• [Prompt] Extract exactly the lines from the top of the records through the line containing "113 - مبتدأ", and keep pictures out of the copy.

[Opening Records for processing section]

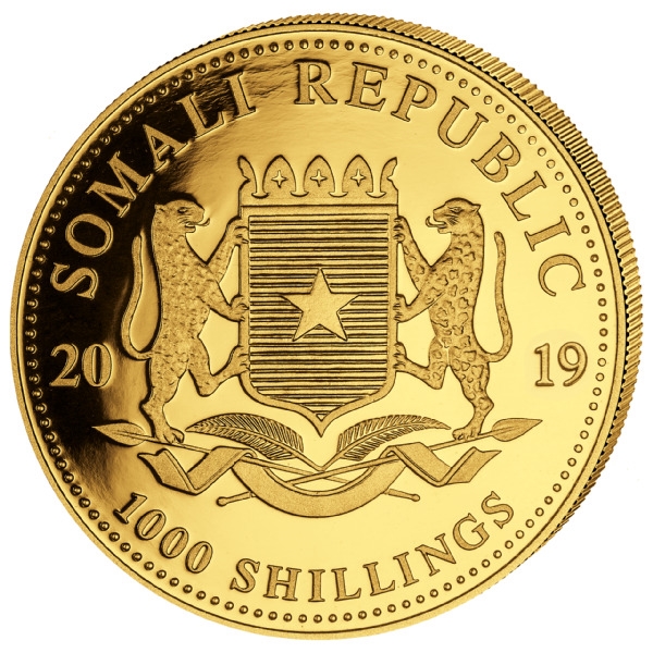 索馬里亞非洲象象 1 盎司金幣(Somalia Elephant 1oz Gold Coin BU)於 2010 年首次亮相,憑藉著2004 年首次鑄造索馬里亞非洲象銀幣在全世界銷售經驗。該系列的設計每年都會有不同圖案,而這些圖案都是描繪非洲象在自然環境中的生活樣貌。 -
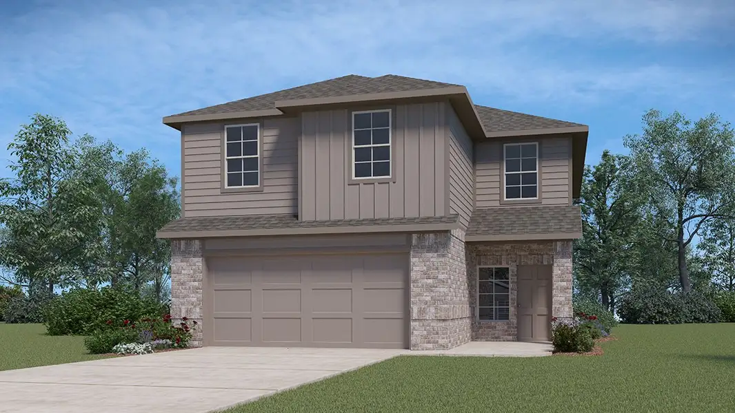 Welcome to The Kate floor plan, a two-story home located in Hunters Ranch in San Antonio, TX. This home features 2 classic front exteriors, 4 bedrooms, 2.5 baths, a spacious 2-car garage and 2223 square feet of living space.
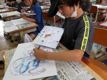 水の量の違いだけでもたくさんの色が作れるんだと楽しくかいていました。
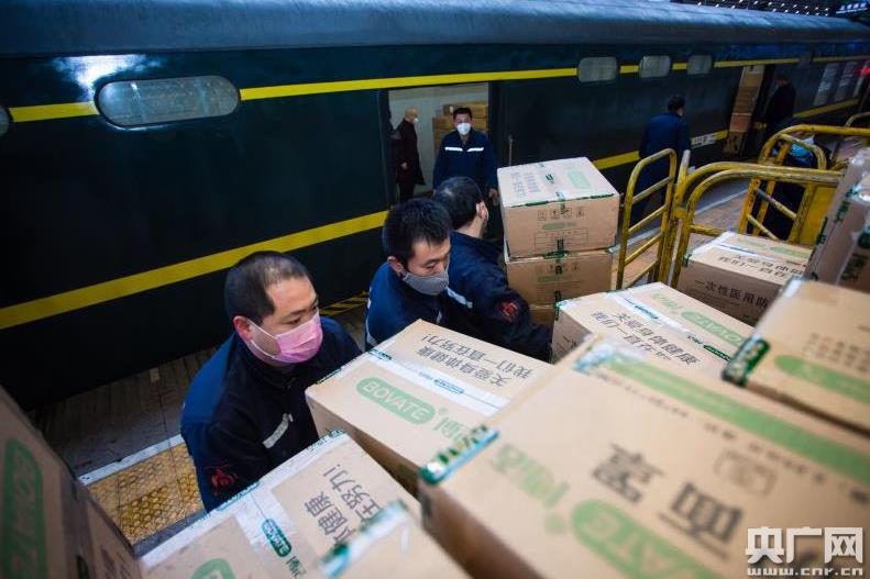 央廣網(wǎng)北京2月15日消息 記者從北京西站了解到,2月14日,2萬個(gè)防護(hù)面罩、1萬2千套防護(hù)服和2臺(tái)醫(yī)用空氣壓縮機(jī)共計(jì)1002箱,分別搭乘17:54開出的Z201次和21:09開出的Z285次列車由北京西站運(yùn)往武昌地區(qū)。
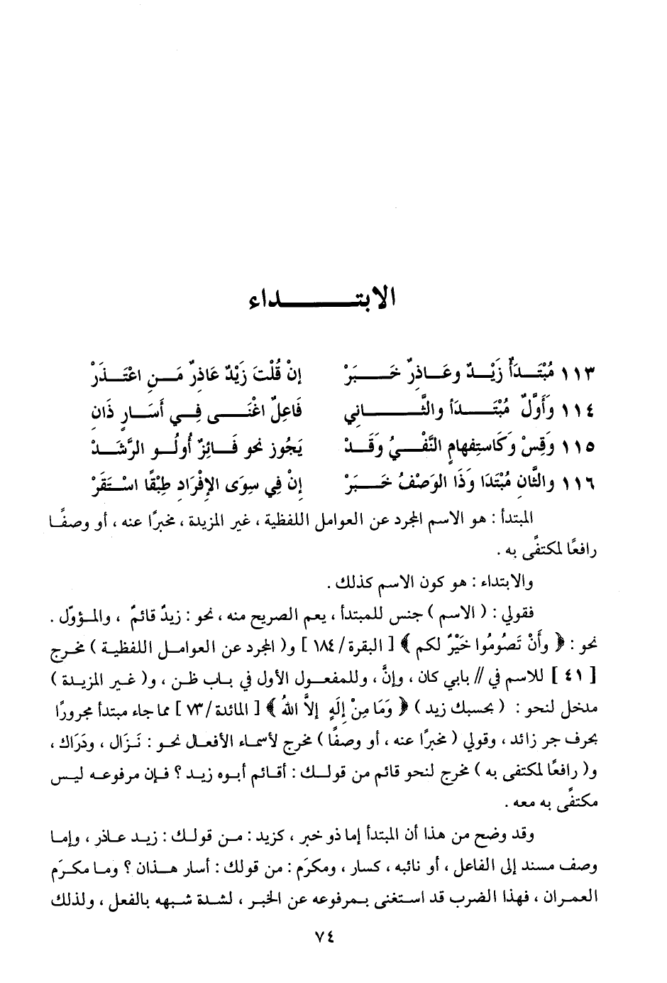 113 - مبتدأ زيد وعاذر خبر ... إن قلت زيد عاذر من اعتذر
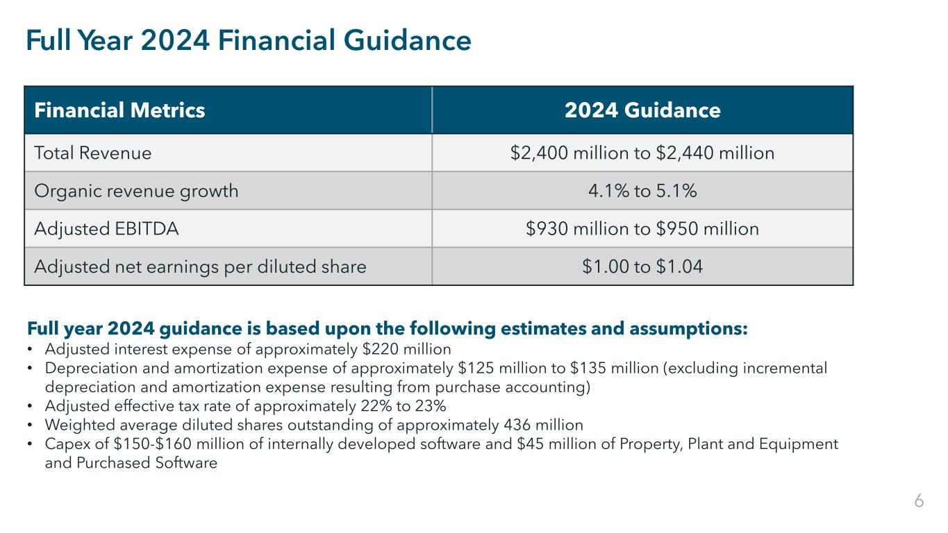 Restricted Confidential Full Year 2024 Financial Guidance Financial Metrics 2024 Guidance Total Revenue $2,400 million to $2,440 million Organic revenue growth 4.1% to 5.1% Adjusted EBITDA $930 million to $950 million Adjusted net earnings per diluted share $1.00 to $1.04 Full year 2024 guidance is based upon the following estimates and assumptions: • Adjusted interest expense of approximately $220 million • Depreciation and amortization expense of approximately $125 million to $135 million (excluding incremental depreciation and amortization expense resulting from purchase accounting) • Adjusted effective tax rate of approximately 22% to 23% • Weighted average diluted shares outstanding of approximately 436 million • Capex of $150-$160 million of internally developed software and $45 million of Property, Plant and Equipment and Purchased Software 6
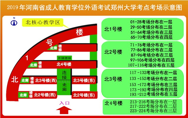 2019年河南省成人高等教育本科生申請學士學位外國語水平統一考試將于2019年4月21日9時在鄭州大學主校區(鄭州市科學大道100號)北核心教學區舉行。為確保廣大考生順利參加考試,現將考場分布示意圖及路線圖公布如下:
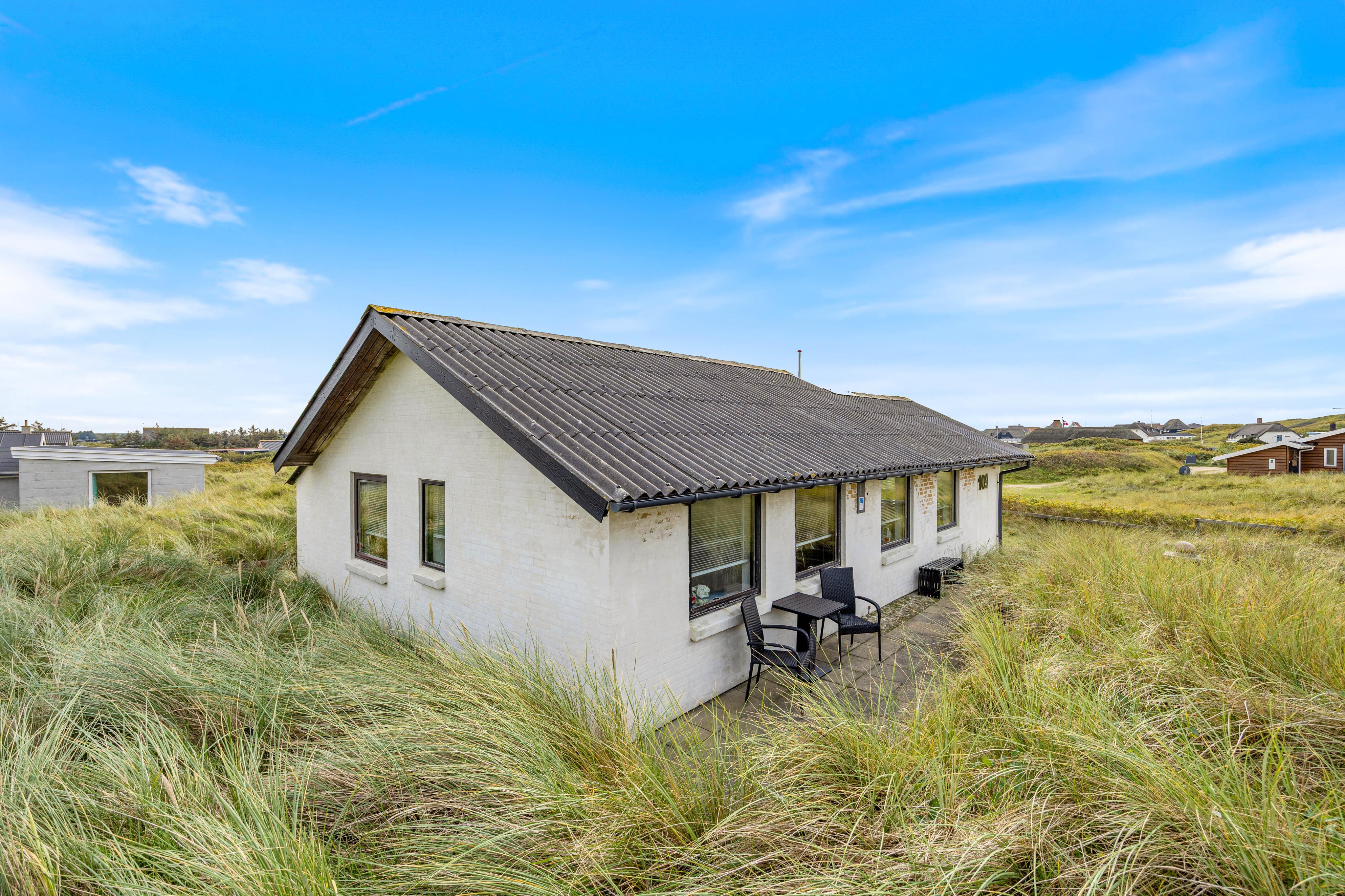 Feriehuset er en ældre men fuldt funktionelt hus i en meget smuk beliggenhed midt i klitlandskabet nær stranden. Indretningen er kærligt designet, så man hurtigt føler sig hjemme der.

[Closing Records for processing section]

• [Exercise solution]
 索馬里亞非洲象象 1 盎司金幣(Somalia Elephant 1oz Gold Coin BU)於 2010 年首次亮相,憑藉著2004 年首次鑄造索馬里亞非洲象銀幣在全世界銷售經驗。該系列的設計每年都會有不同圖案,而這些圖案都是描繪非洲象在自然環境中的生活樣貌。 -
 Welcome to The Kate floor plan, a two-story home located in Hunters Ranch in San Antonio, TX. This home features 2 classic front exteriors, 4 bedrooms, 2.5 baths, a spacious 2-car garage and 2223 square feet of living space.
 水の量の違いだけでもたくさんの色が作れるんだと楽しくかいていました。
 央廣網(wǎng)北京2月15日消息 記者從北京西站了解到,2月14日,2萬個(gè)防護(hù)面罩、1萬2千套防護(hù)服和2臺(tái)醫(yī)用空氣壓縮機(jī)共計(jì)1002箱,分別搭乘17:54開出的Z201次和21:09開出的Z285次列車由北京西站運(yùn)往武昌地區(qū)。
 113 - مبتدأ زيد وعاذر خبر ... إن قلت زيد عاذر من اعتذر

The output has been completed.